2. file encoding and automatic encoding recognition-This involves various encoding rules and will not be detailed in detail. However, you need to understand that the file encoding type is not stored in the file, that is, there is no
Descriptive fields to record the encoding type of the document. Therefore, when editing a document, we must either know the encoding used for saving the document, or determine the encoding class through other means.
The other method is determined by some encoding code table features, such as the number of bytes occupied by each character, whether the ASCII value of each character is greater than a field to determine the encoding of the file
. This method is also used by VIM, which is the automatic encoding and recognition mechanism of vim. However, this mechanism is not possible because of the variety of encodings.
100% accurate. For our gb2312 encoding, because the Chinese character is composed of two characters with an acⅱ value higher than 127, it is impossible to encode the gb2312 file
The Latin1 Encoding Area is separated, so the automatic identification mechanism is unsuccessful for gb2312. It only recognizes the file as Latin1 encoding. This problem also occurs in GBK, big5
Superior. Therefore, when editing such documents, you need to manually set encoding and fileencoding. If the file is UTF-8 encoded, VIM can automatically identify the correct
Encoding.
3. The encoding type used by the client to run Vim is the same as the second one, which is also a key point that is hard to determine. The second key point is to read and write content from the file to the file.
The encoding used when Vim outputs the content to the terminal. If the encoding type is different from the encoding type of the data received by the terminal, then, garbled characters are generated. In
In a Linux local X environment, generally, the terminal considers that the encoding type of the received data is consistent with the locale type of the system. Therefore, you do not need to worry about the problem. However, if remote terminals are involved, for example
If you log on to the server through SSH, the problem may occur. For example, SSH from a system with a locale of gb2310 (called a client) to a system with a locale of UTF-8 (called Server
Server) and enable Vim to edit the document. Without any modification, the server returns UTF-8 data, but the client considers that the server returns gb2312 data according
When gb2312 is used to explain the data, it must be garbled. In this case, we need to set termencoding to gb2312 to solve this problem. This problem is more common than ours.
Windows
When a desktop machine remotely logs on to the server via SSH, the encoding conversion problem of different systems is involved. Therefore, it is highly related to Windows and SSH clients. In
There are two types of coding software in windows, one is the software written for Unicode encoding, the other is the ANSI software, that is, the program processes data directly using byte streams, not
Focus on encoding. The previous program can correctly display the multi-language on windows in any language, and the other program can only display the correct text on the System of the language. Pair
In these two types of programs, we need to treat them differently. Take the SSH client as an example. The putty we use is Unicode, while the secure CRT is ANSI.
Software. For the former, we need to correctly process Chinese characters. We only need to ensure that the encoding of VIM output to the terminal is UTF-8, that is, termencoding = UTF-8. But for the latter
Make sure that the default code page for Windows is cp936 (default for Chinese Windows), and The termencoding =
Cp936.
Finally, let's take a look at the typical situations and setting methods for handling Chinese documents:
1. The system locale is UTF-8 (many Linux systems use the default locale Format), and the edited documents are in gb2312 or GBK format (Windows notepad
The default storage format. Most editors save it as this format by default, so it is the most common).

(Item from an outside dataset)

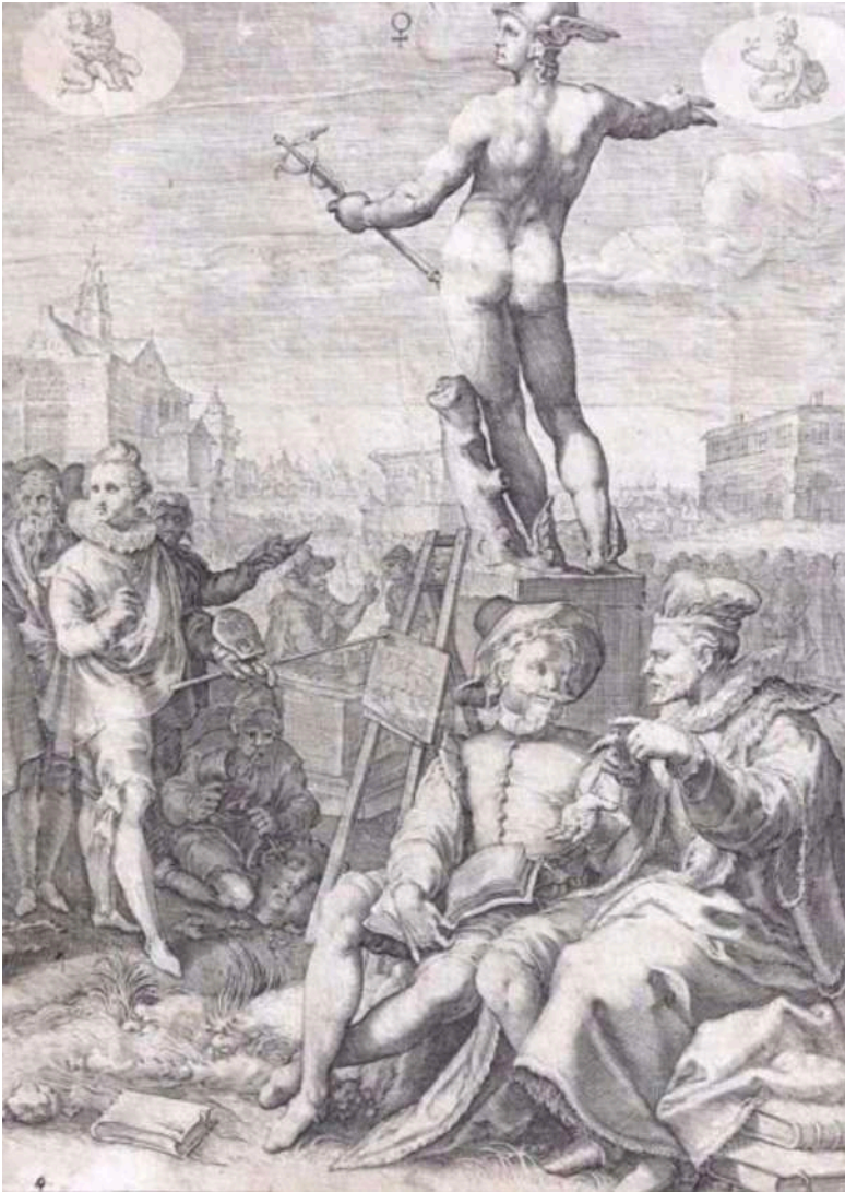
Imagen 2. Saenredan, Goltius (1597). Mercurio.

imagen ha sido profundamente analizado por autores de referencia en el análisis histórico de la imagen, como Elkins y el carácter alquímico de la imagen (2000), Freedberg y el poder mágico de la imagen (2009) o Belting y el aspecto sagrado de la imagen (2009). Todos ellos parten de una perspectiva antropológica para entender y analizar la imagen, pues, tal y como afirma Belting, de algún modo la imagen debería ser interpretada como un singular modo de existencia humana:

The terminal type is UTF-8 (that is, it is assumed that the client is a unicode software of the putty class)
After Vim opens the document, encoding = UTF-8 (determined by locale), fileencoding = Latin1 (caused by incorrect automatic encoding judgment mechanism), and termencoding = NULL (by default, term encoding is not required ), the file is garbled.
Solution 1: first, modify fileencoding to cp936 or EUC-CN (the two are the same, but they are called differently). Note that the correct method is not: Set
Fileencoding = cp936. This is only to save the file as cp936. The correct method is to re-load the file as: edit by encoding cp936.
++ ENC = cp936, which can be abbreviated as E ++ ENC = cp936.
Solution 2: temporarily change the locale environment running Vim by using lang = zh_cn Vim
To start Vim in abc.txt mode, encoding = EUC-CN (determined by locale) and fileencoding = NULL (file under locale
The automatic encoding function is not enabled, so fileencoding remains the same as the file encoding method, that is, EUC-CN), termencoding = NULL (default value, empty value, and so on ).
At this time, it is garbled because our SSH terminal considers the received data as UTF-8, but Vim sends the data as EUC-CN, so it is still incorrect. Run the following command:
Set termencoding = UTF-8: If the terminal data is output as UTF-8, the display is normal.
2. The scenario is basically the same as that of scenario 1, except that the SSH software used is secure CRT class ANSI software.
After Vim opens the document, encoding = UTF-8 (determined by locale), fileencoding = Latin1 (caused by incorrect automatic encoding judgment mechanism), and termencoding = NULL (no need to convert term encoding by default ), the file is garbled.
Solution 1: ensure that the default code page of the Windows machine running secure CRT is cp936, which is already set by default in Chinese Windows. Others are the same as solution 1 above, but we only need to add one step: Set termencoding = cp936
Solution 2: similar to solution 2 above, but the last step to modify termencoding is omitted. In this case, the minimum modification is required, as long as the locale is set to zh_cn.
Encoding = EUC-CN, fileencoding, and termencoding are both null, that is, the value of encoding.
Status.
It can be seen that understanding the three key points and the significance of the three parameters will greatly help the coding problem, and you will be able to process the document as you like in the future, not just for VIM, in other environments that require encoding and conversion, you can apply similar ideas to solve the problem.
Finally, we recommend a powerful windows SSH client-xshell, which has multiple tabs similar to secure CRT.
But the most convenient is that this tool also has the ability to change the term encoding, so that we do not need to adjust termencoding frequently, just switch in the SSH Software
Code. This is the most convenient SSH tool I have used. It is a commercial software, but there is no limit on the use of non-registered users, but after the 30-day trial period is exceeded, it will prompt registration every time it is started.
Any impact.

Related Article

Contact Us

The content source of this page is from Internet, which doesn't represent Alibaba Cloud's opinion; products and services mentioned on that page don't have any relationship with Alibaba Cloud. If the content of the page makes you feel confusing, please write us an email, we will handle the problem within 5 days after receiving your email.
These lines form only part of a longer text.